An accidental collision during a lunchroom scene in "The Cheetah Girls" was poorly executed.
During a cafeteria scene in "The Cheetah Girls," Derek is hit in the back of the head with a lunch tray.
The moment is supposed to be an accident. But before the collision, viewers can clearly see the person who hits him pick up the tray, swing it toward his head, and pretend to stumble.
The door at the shop the titular bear eats at in "Paddington" is covered with stickers and signs.
The Brown family takes Paddington to get food after finding him in the train station during the first "Paddington" film.
The wall the Browns stand in front of at the restaurant has plenty of framed pictures of trains, which makes sense since they're on the platform, but there are also a comical number of signs on the shop's front door.
There's a standard one that says "open," and others stating the shop's accessibility and the fact that it doesn't accept euros.
But there's also a sign that says no dogs are allowed inside, so it's odd that the employees let a bear in without question.
During one of Freddy Krueger's kills in "A Nightmare on Elm Street," the blood splatters unnaturally.
One of the most memorable kills in the "Nightmare On Elm Street" series happens in the first film.
When a boy is pulled into his bed and killed, a giant geyser of blood erupts, spraying up toward the ceiling.
But not all of the blood sprays follow the same trajectory.

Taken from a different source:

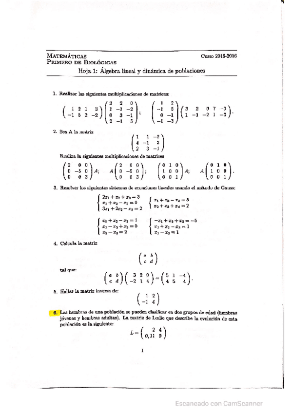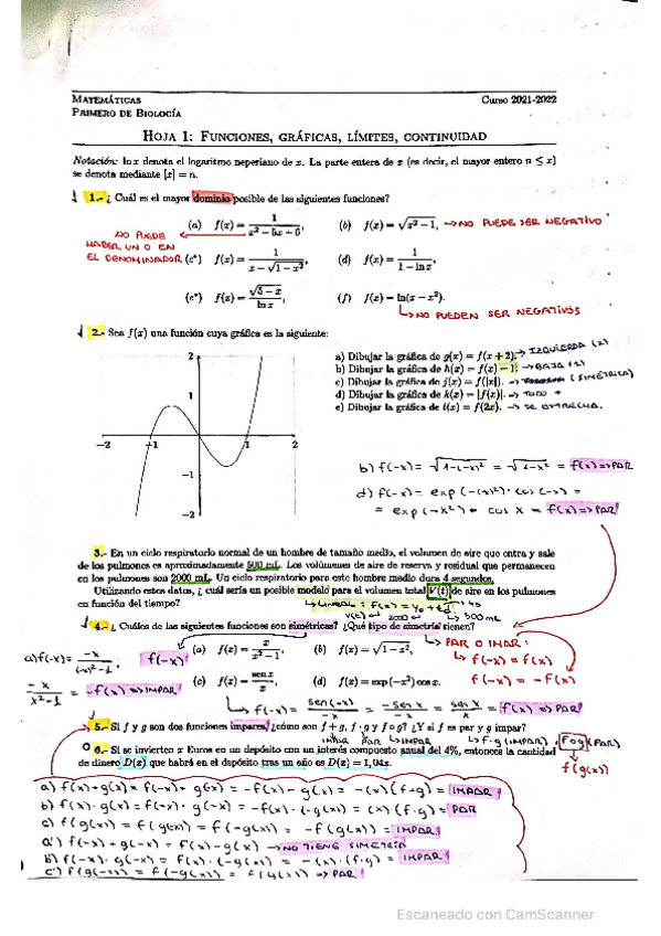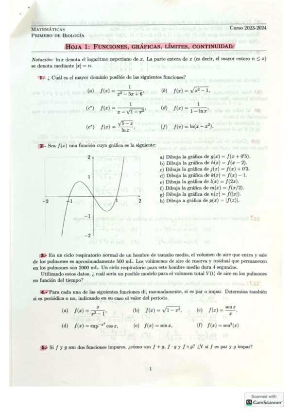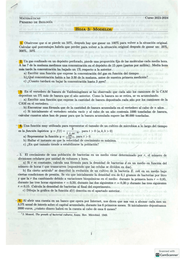 Ejercicios Matemáticas 1ºBio
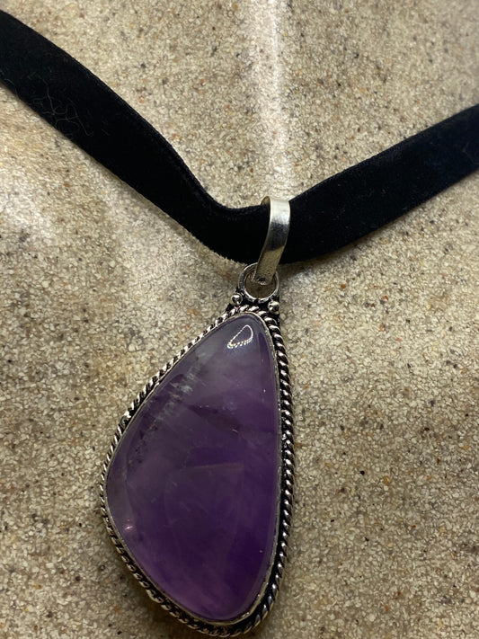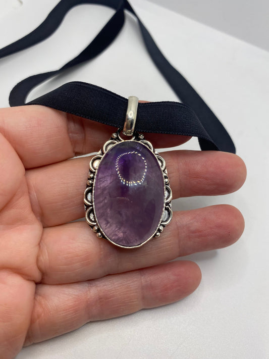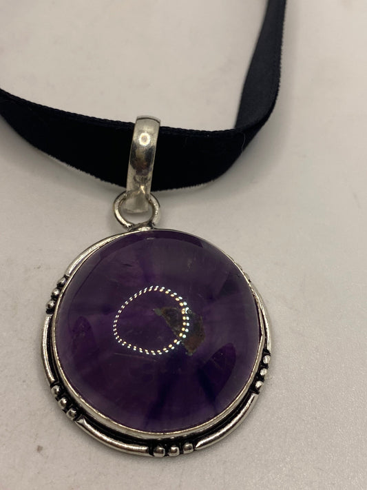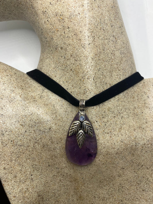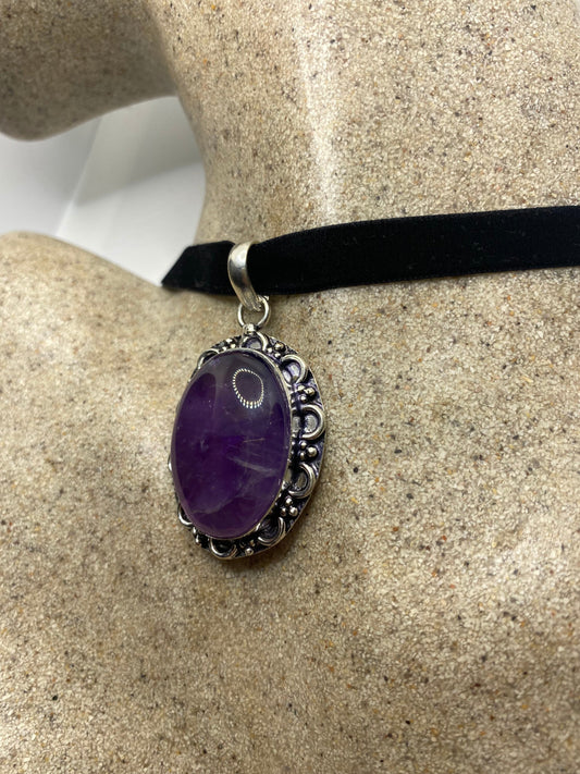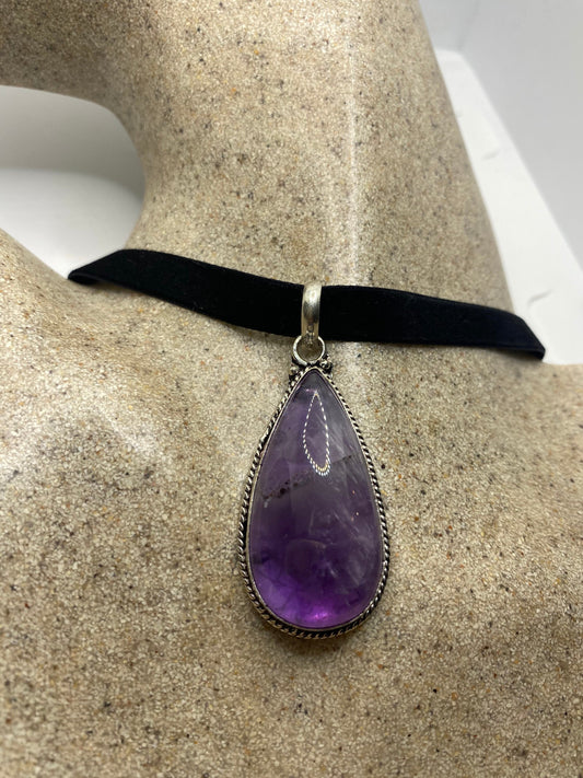 Vintage Purple Amethyst Choker Bohemian Cabochon Droplet Necklace

After the initial geyser, some of the splatters are clearly tilting toward the top left portion of the screen.
According to Film School Rejects, cinematographer Jacques Haitkin said that the rouge blood splatters actually happened because they filmed the scene in one take in a rotating room.
After the liquid was poured through the opening in the bed, it hit the light fixture and became electrified, which caused it to slosh back and forth.